Exercise:
Your answer must be an exact copy of the listing that follows, with all pictures omitted.

Recorded information:
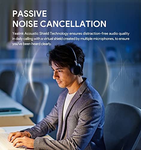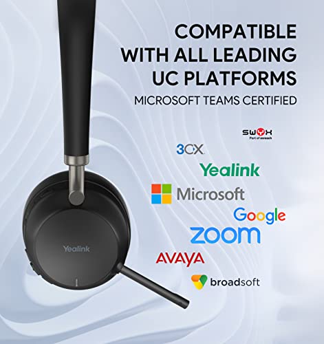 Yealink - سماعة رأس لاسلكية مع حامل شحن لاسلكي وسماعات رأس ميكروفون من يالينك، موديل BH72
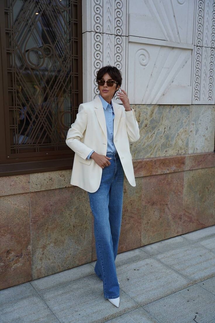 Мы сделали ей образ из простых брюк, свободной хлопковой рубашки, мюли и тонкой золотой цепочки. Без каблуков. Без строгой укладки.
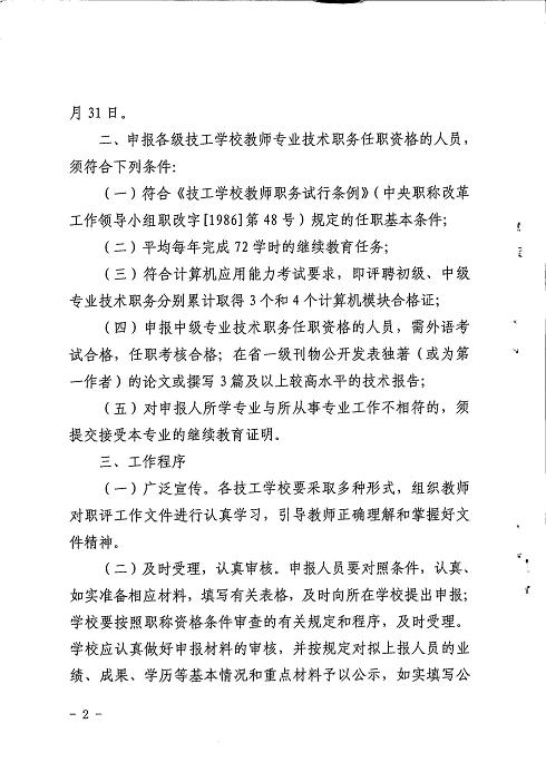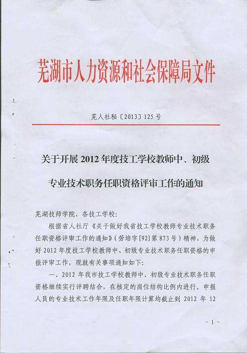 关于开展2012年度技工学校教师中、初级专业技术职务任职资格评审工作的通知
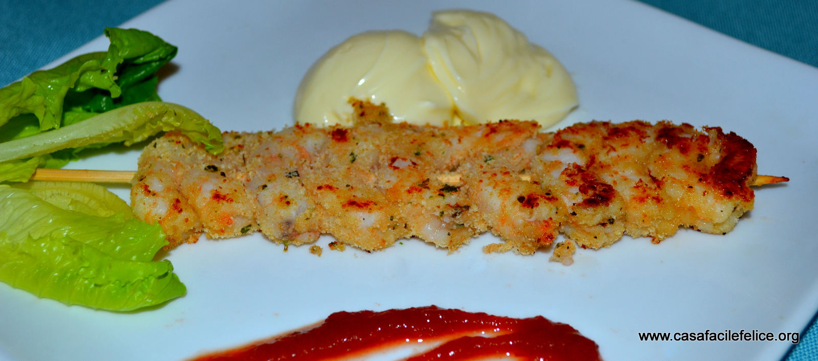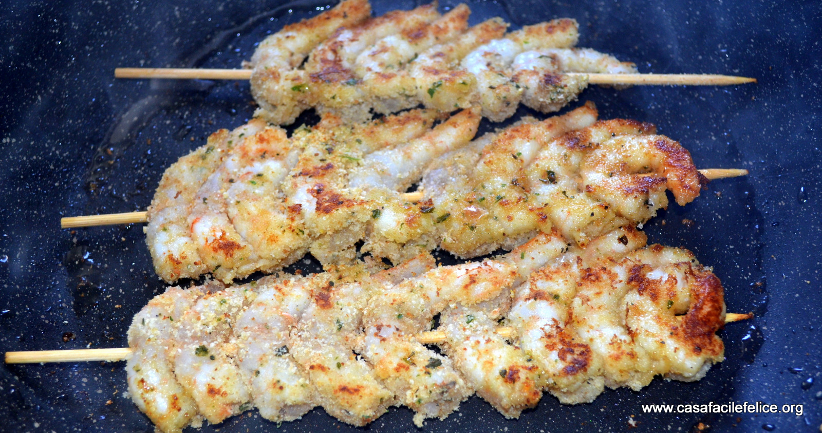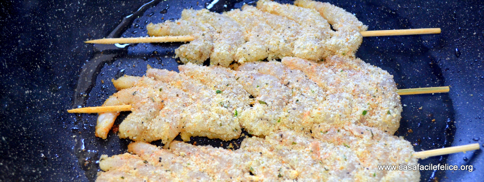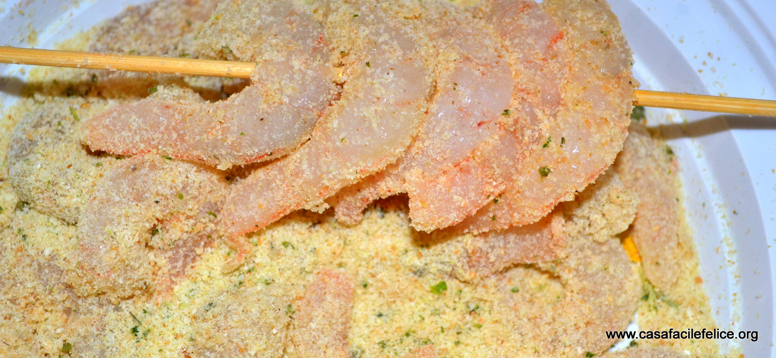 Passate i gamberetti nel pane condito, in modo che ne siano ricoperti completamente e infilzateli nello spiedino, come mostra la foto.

Written reply:
 Yealink - سماعة رأس لاسلكية مع حامل شحن لاسلكي وسماعات رأس ميكروفون من يالينك، موديل BH72
 Мы сделали ей образ из простых брюк, свободной хлопковой рубашки, мюли и тонкой золотой цепочки. Без каблуков. Без строгой укладки.
 关于开展2012年度技工学校教师中、初级专业技术职务任职资格评审工作的通知
 Passate i gamberetti nel pane condito, in modo che ne siano ricoperti completamente e infilzateli nello spiedino, come mostra la foto.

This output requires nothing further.